Fun fact: the rural village where I live, located in the north of The Netherlands, will finally get a fiber network in 2020.
To the right of the Communicator you see a color display monitor:
- The display has a square aspect ratio. Apparently I liked the aesthetics of it but it hasn’t gained much popularity.
- It looks quite small (15"?) for today’s display sizes but remember that back then most monitors were only around 13".
- It is probably a flat panel monitor. Although it’s not visible on the drawing, the thin, adjustable arm makes it look like the display itself can’t support a heavy cathode ray tube. The arm has three joints to adjust the height and angle of the display.
- Based on the fact that the rest of the drawing does not contain an actual computer-like device, I assume that the display itself contains the computer that drives the display.
Around 1982 the first, small LCD displays were launched measuring a couple of inches. I must have extrapolated this fact to this larger display I envisioned.
To the right of the display is an odd, colorful keyboard.
- It sports a weird, non-QWERTY keyboard.
- It has two ports (display and databank?).
- It has colored keys, something you see on keyboards used by video editors nowadays.
Underneath the keyboard you see a digital watch and what is probably a charging station.

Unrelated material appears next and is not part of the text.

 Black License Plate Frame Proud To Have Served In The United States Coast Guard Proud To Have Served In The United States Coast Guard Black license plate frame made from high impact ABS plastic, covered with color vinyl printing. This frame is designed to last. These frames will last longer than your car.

- It can make sound (“bliep” means beep in Dutch) and it has a small red light.
- It looks like the charging station has a speaker. Perhaps I envisioned taking calls while not wearing the watch?

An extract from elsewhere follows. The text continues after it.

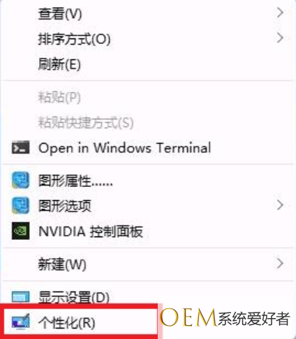1、首先右击桌面任意空白处,点击个性化选项。
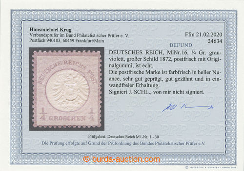 Philately. Mi.16, Coat of arms ¼Gr grau violett; fine piece with certificate Krug, exp. Schlesinger, c.v.. 300EUR++ (Image) (Image2)

- The word “polsmelder” (wrist notifier) seems to indicate it could vibrate to notify the wearer about an incoming call.
I am not a fan of rectangular clock faces for analog watches but I suspect I gave this watch a rectangular face (with rounded corners though) because most electronic watches had this shape in the 80s.
Below the watch is a rather vague apparatus, called the “electronic text writer”.
- It has a lightpen, a device which was actually in use during the 60-80s era. The pen is attached to the device with a coiled wire.
- The port at the left side (indicated by the green arrow) hints at a connection between the Communicator (left) and this electronic text writer.
- The front shows a narrow, horizontal slit with “A4” printed below. The caption underneath says “Copying device, sender of text and image[s]”. At the right side of the front panel there’s a small “control panel”, featuring an on/off switch, an LED, and another undefined control.
Apparently I’d envisioned that this device should be capable of transmitting handwritten notes, as well as scanned images and texts. Whether the surface on which you had to “write” using the lightpen also acted as a display of (digital) images is unknown, although the orange handwritten words “electronic text writer” seem to hint at a digital display and not only a lightpen-sensitive surface.
To the left of the text writer you see the “databank”:
- The black square-with-red-arrow contains the word “chip”. Underneath it says, translated from Dutch, “chip card able to hold much information”.
- The device itself has 2 x 5 card readers, each reader having small red and green lights.
- The databank can be connected to the other devices using a cable.
I also drew the Communicator device in “rainbow colors”:
36 years later
I am glad I saved these drawings because it’s fun to see everything I dreamt of became reality, sort of.